A first go at multi-step prediction

We pick up where the first post in this series left us: facing the task of multilevel time series forecasting.

Our first attempt was a workaround of sorts. The model is trained to provide a single prediction corresponding to the very next time point. So if we need a longer prediction, what we can do is use that prediction and feed it back to the model to shift the input sequence by one value ( \([x_{t-n}, …, x_t]\) to \([x_{t-n-1}, …, x_{t+1}]\)say).

In contrast, new models are designed and trained to predict a configurable number of observations at a time. The architecture is still basic (as basic as possible depending on the task), so it can serve as a baseline for future attempts.

You work with the same data as before. vic_elec from tsibbledata.

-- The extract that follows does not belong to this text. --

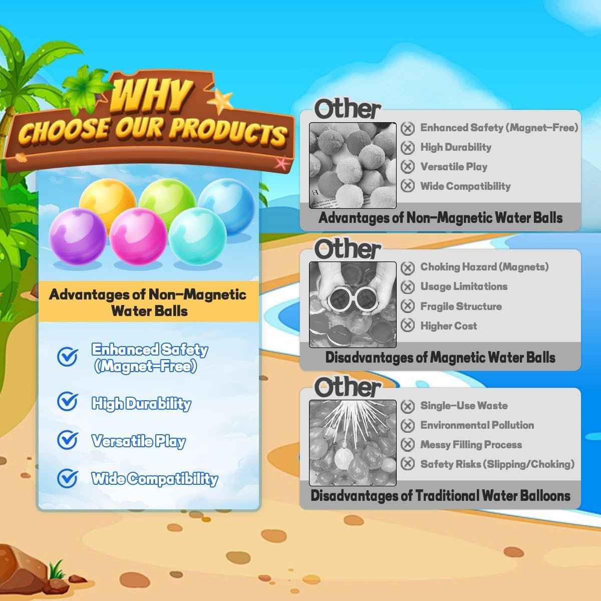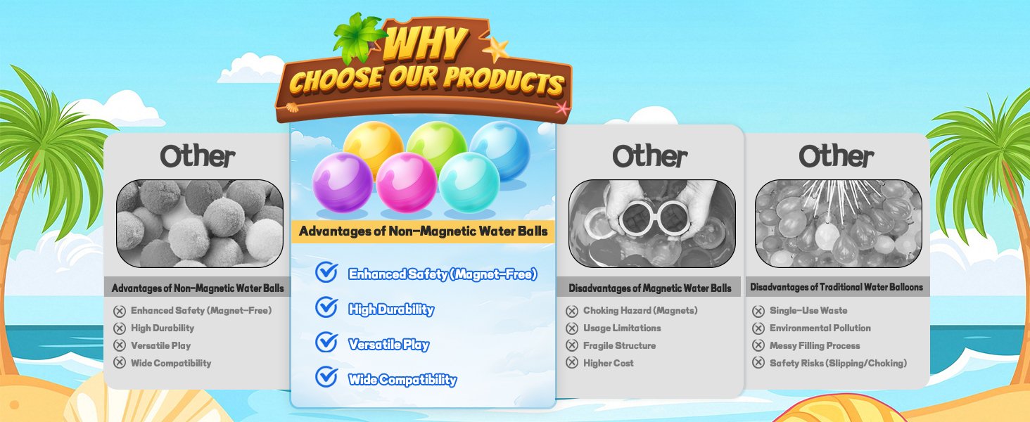 **No Magnets Needed** – Simple and safe to use without magnets, making them easy for everyone to enjoy during water play.

Still, compared to last time dataset Classes need to change. Previously, for each batch item, there was a target (y) used to be a single value, but is now a vector, just like the input. x. And it's like n_timesteps It was and still has a second parameter, used to specify the length of the input sequence. n_forecastConfigure the target size.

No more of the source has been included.